California Marriage Drive Persists

California Marriage Drive Persists

Legislature’s gay and lesbian caucus turns to parliamentary move to win new vote

California’s six gay and lesbian state lawmakers will make another try at passing a bill that would legalize same-sex marriage in the nation’s largest state this year, even though a similar measure failed narrowly in the Assembly, in two successive votes on June 2.

The Assembly’s speaker, Fabian Núñez, a Los Angeles Democrat, endorsed the bill earlier this year, but conceded that he is not using his influence over other Assembly members to encourage yes votes.

After two nail-biting votes, the first stab at the bill, AB 19, by San Francisco’s gay Assemblyman Mark Leno, fell just four votes short of clearing the Assembly two weeks ago—coming as close to success as any legislative attempt at gay marriage in America.

This time, the group plans to take the unusual step—sometimes called “gut and amend”—of stripping the contents of another bill that has already passed the Assembly and inserting the language from Leno’s AB 19 into the shell. They then hope to pass that bill through the Senate and return it to the Assembly for essentially a third shot at enacting gay marriage.

Advocates are confident the measure can clear the State Senate, the critical first step in the new plan.

“We believe that the Senate will send a bill to the Assembly,” said Democratic San Francisco State Sen. Carole Migden, who is a lesbian. But she thinks the legislators still have work to do in the Assembly, either by raising more money, doing grassroots organizing or, she said, in “hand-to-hand member relations.”

Leno argues that the prospects in the Assembly would improve if the measure clears the Senate, giving gay marriage proponents “political wind at our back.”

“That’s a very different position than we were in two weeks ago,” Leno said.

But gay advocates are incensed at Núñez, who signed on as a principal co-author earlier this year after Leno agreed to withdraw a similar measure last year because it was an election year.

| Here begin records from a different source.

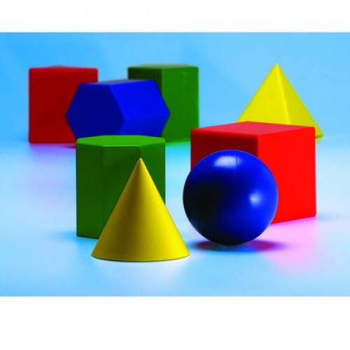 В комплекте 12 разноцветных пластмассовых объемных тел - сфера, цилиндр, конус, куб, трех-, четырех-, пяти-, шести- и восьмигранные призмы, полусфера, трех- и четырехгранные пирамиды. Элементы имеют одну высоту, что позволяет изучать соотношения между площадью, объемом, формой и размером.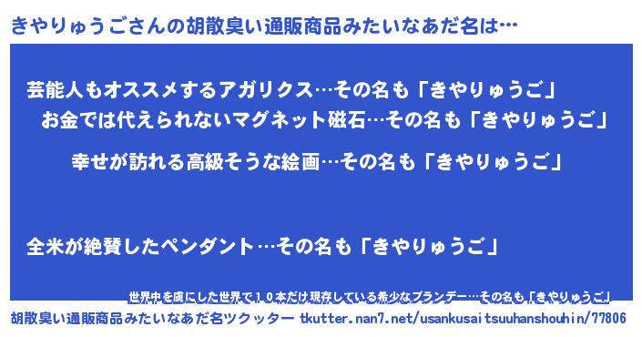 | ヒーロー風カッコイイあだ名 | 『ウルトラきやりゅうごマン』 |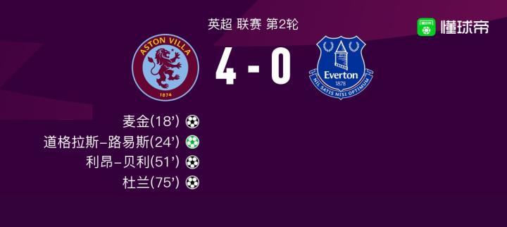 北京时间8月20日英超 联赛 第2轮,阿斯顿维拉主场对阵埃弗顿。阿斯顿维拉麦金破门,利昂-贝利破门,杜兰破门,道格拉斯-路易斯破门。最终比分4-0。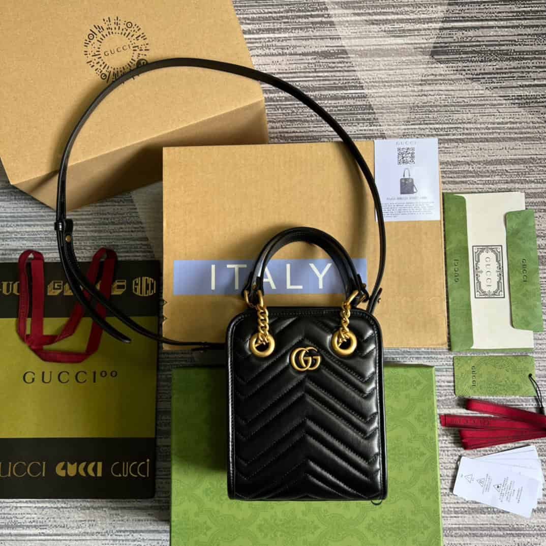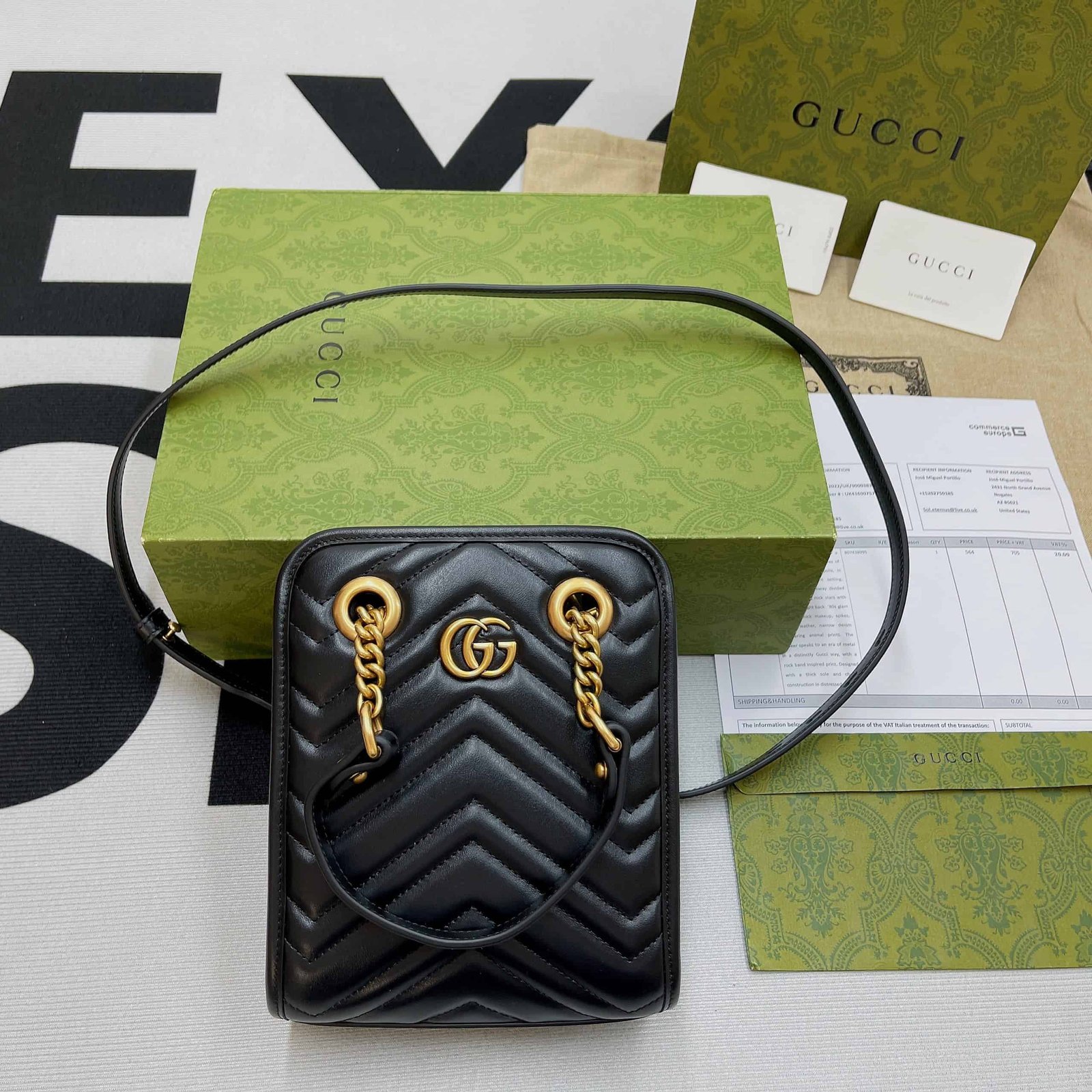 Gucci Marmont Matelasse Mini Bag Black For Women, Women’s Bags 7.5in/19cm GG ?696123 DTDHT 1000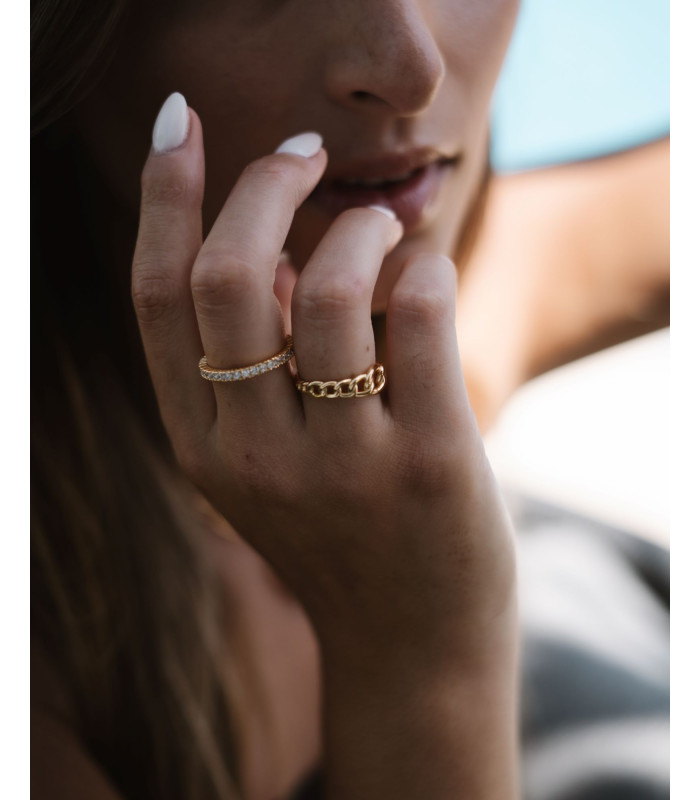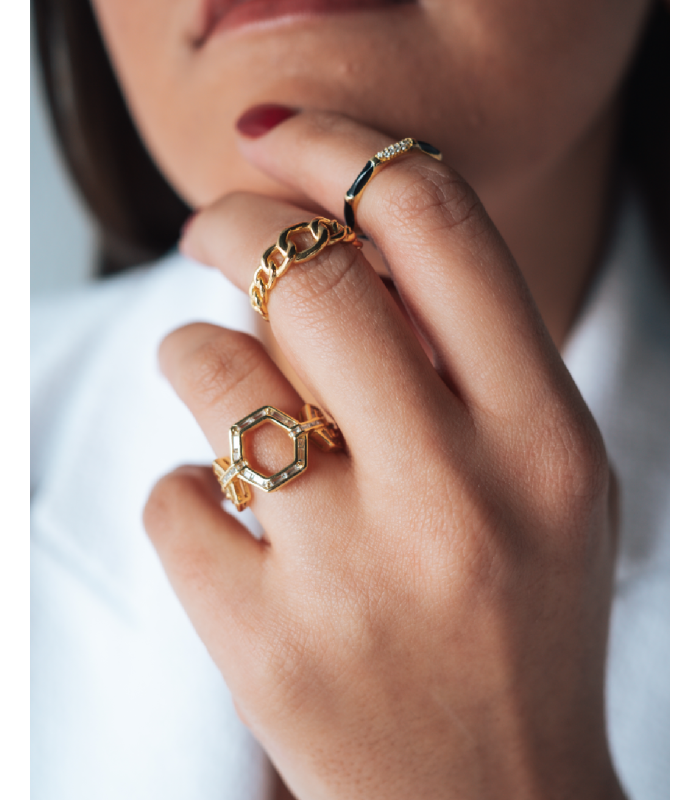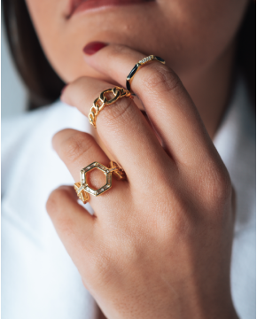 Este Anel de Prata Dourada é uma verdadeira obra-prima que combina a beleza clássica da prata dourada com o brilho deslumbrante das zircónias.

Núñez’s name appears at the top of the bill, but he hasn’t put the weight of his office behind it, instead allowing individual Assembly members to vote their own consciences.

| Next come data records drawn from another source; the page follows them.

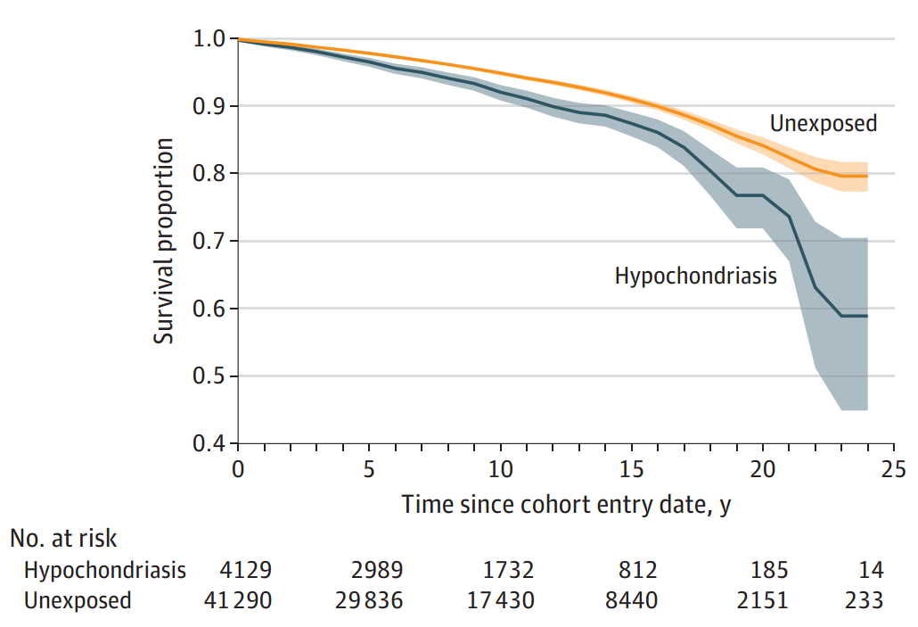 本项纳入4,129名疑病症患者及41,290名对照的研究得出了一个悖论:疑病症患者尽管普遍担心疾病和死亡,但随访期间的死亡风险却高于一般人群,无论是全因死亡(高69%)、自然原因死亡(高60%)还是非自然原因死亡(高143%)。
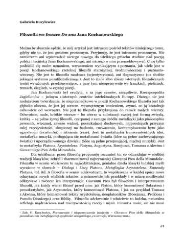 II. Gabriela Kurylewicz, Filozofia we fraszce Do snu Jana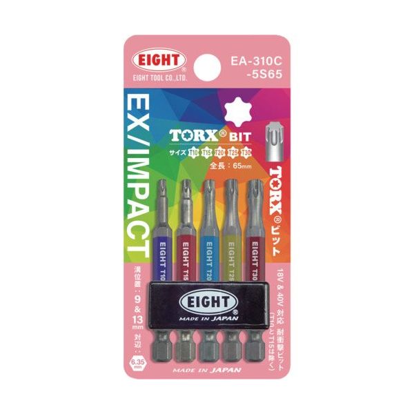 | 商品の特徴 | ●エイト既存品ビットの約3倍の耐久力を誇ります。●削り込み加工が工具からの衝撃を受け止め、ビット本体とネジへのダメージを防ぎます。●鮮やかなカラー仕上げで、サイズを選びやすく作業効率を高めます。●18~40V対応(T10とT15は除く) | ||

“It’s extremely disappointing and surprising,” Geoff Kors, the head of California’s gay rights lobby, said of Núñez’s passive stance, adding, “That doesn’t strike us as leadership.”

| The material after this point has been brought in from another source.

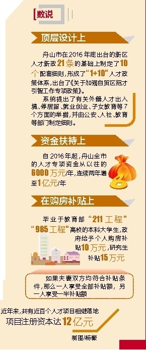 舟山市在2016年底出台的新区人才新政21条的基础上制定了10个配套细则,形成了“1+10”人才政策体系,出台了《关于加强自贸区招才引智工作专项政策》。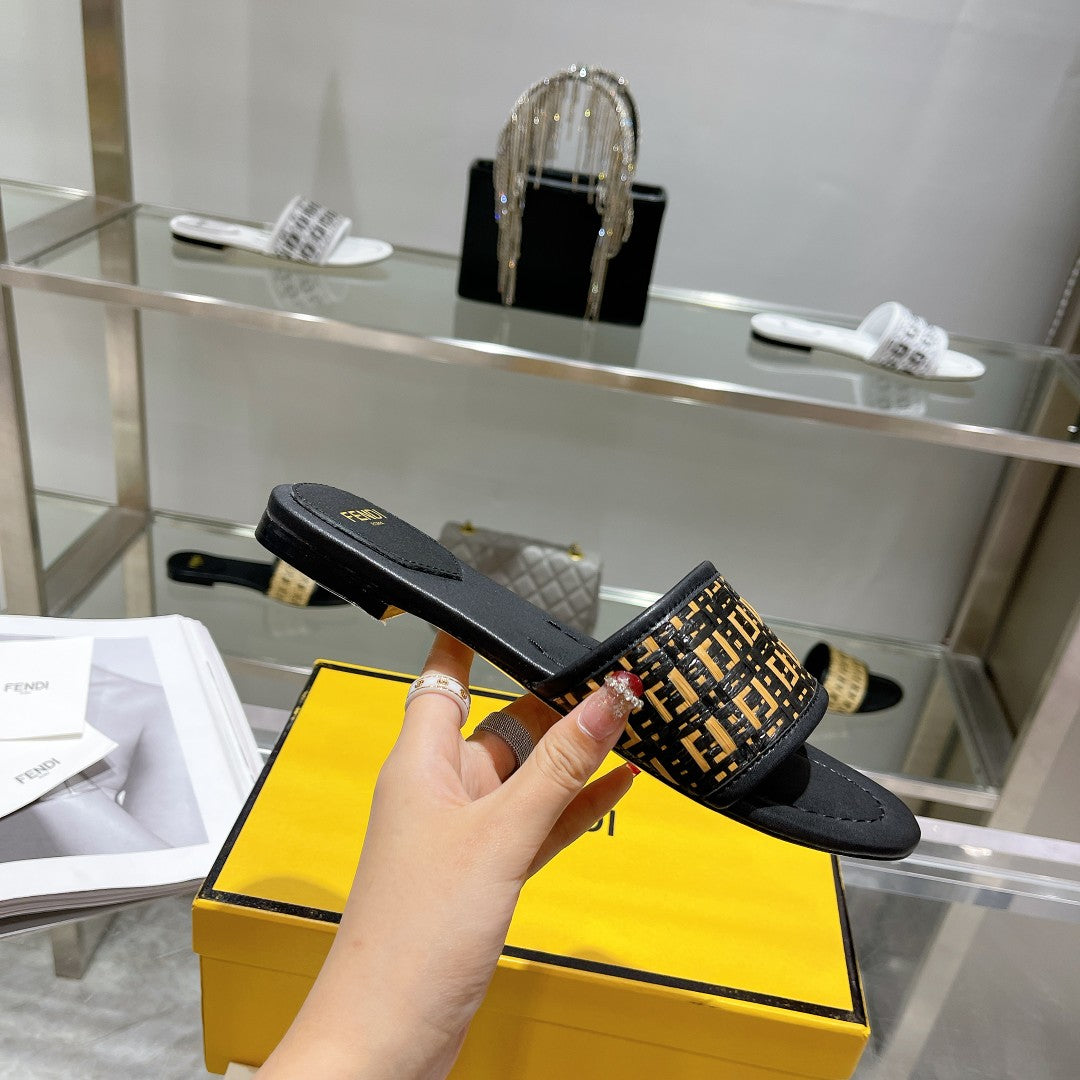 FENDI FLAT SLIPPER IN CEDAR BROWN MIX BLACK MONOGRAM JACQUARD FABRIC WITH GOLD HARDWARE

“He remains very supportive,” said Núñez spokesman Richard Stapler on Tuesday, but added, “It’s one of those tough votes that they’ve got to make up their minds about in the end.”

The votes in the Assembly were even closer then the four-vote margin suggested, advocates said, and Núñez’s influence could push the vote tally over the top.

On June 2, when the vote tally reached 37 of the 41 it needed to pass, one of the measure’s co-authors, Mervyn M. Dymally, a Compton Democrat, was off the floor.

“There were a couple of votes who were prepared to be 39 and 40, had we had the 41st,” so potentially the group needs to pick up just one additional vote to send the measure to the governor, Leno maintained.

Leno and other gay legislators have contributed heavily to campaign funds controlled by the speaker—in Leno’s case almost $400,000—which Núñez directed partly to candidates who ultimately voted no or abstained on the bill.

If the marriage measure were to clear both houses of the Legislature, the hot-potato bill would go to Republican Gov. Arnold Schwarzenegger, who has made conflicting statements about his position on the issue.

The state’s electorate, which will ultimately decide the issue by initiative, is sharply split. Slightly more than a year ago, according to a Los Angeles Times poll taken while same-sex marriages were taking place in San Francisco, about a third of Californians favored same-sex marriage. About a quarter oppose any form of gay unions. The rest fell somewhere in between, with a solid majority favoring some sort of civil unions or domestic partnership. California already has the strongest domestic partnership provisions in the country, outside of Massachusetts and Vermont.

If a gay marriage bill makes it to his desk, no matter what Schwarzenegger does, he will anger, and please, about equal numbers of Californians. But Leno doesn’t see that as a problem for the governor.

“He would be the first governor to sign a marriage equality bill initiated by the legislature,” Leno said. “It would put him on a status with [former California Gov.] Earl Warren, who as chief justice of the U.S. Supreme Court ended the ban on interracial marriage.

“I think it’s an opportunity for him,” Leno said. “A rare historic opportunity.”